Option 2: And this one is even better when you start to realize a tormentor play style. You just erase the whole scenario with two button presses! Just tormentor the first group and then tormentor over to the second group! Now its just a straight burn in a big stack thanks to two buttons!
And the scenarios in tanking that tormentor erases are EVERYWHERE. In my dungeon groups I will put up with a great deal of tomfoolery and incompetence. But one thing I will not put up with is one of my team mates trying to train the dungeon and pile up 40 mobs for a burn. Why will I not tolerate that? It can be pretty effective if the group is ready for it. But I will not tolerate it because I love tanking and I am there to tank.

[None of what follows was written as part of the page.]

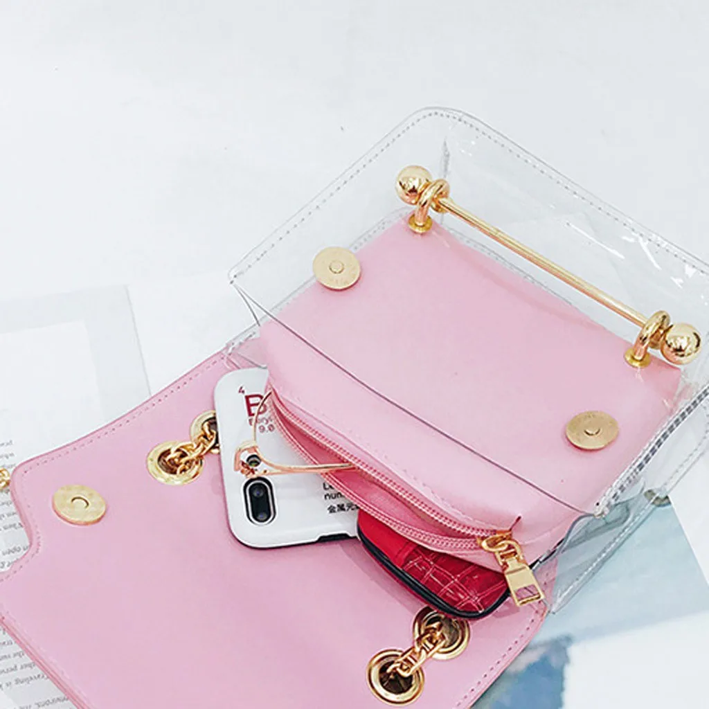 Модная женская прозрачная квадратная сумка, сумка через плечо + сумочка-кошелек

And no tank can control a 40 mob fight. They of course do not expect the tank to do so. They expect the healer to keep the DD's alive while they burn the pile....all while the tank sits there with his thumb up his butt. I won't tolerate it because they are writing me out of the group until the end when they need somebody to block a heavy attack. No tank can actually do the job of tanking in that scenario....oh wait....tormentor templars can. They can take every last bit of it with a couple button presses.
And the scenarios are endless. We could talk about situation after situation after situation. And all of them are not helped by tormentor, they are trivialized by tormentor. Content which the developers meant to be engaging and challenging to at least the average tank, is trivialized by a single set. That is by definition overpowered. Perhaps not in content that you care about. But in content that many care about. And in content the developers care about.
I'm not saying this NEEDED to be done. As many have mentioned, so few were taking advantage of this that it could have well been ignored. The game would have gone on fine apart from this nerf. I'm only saying that if the developers were going to evaluate it...then yeah. They made the right call.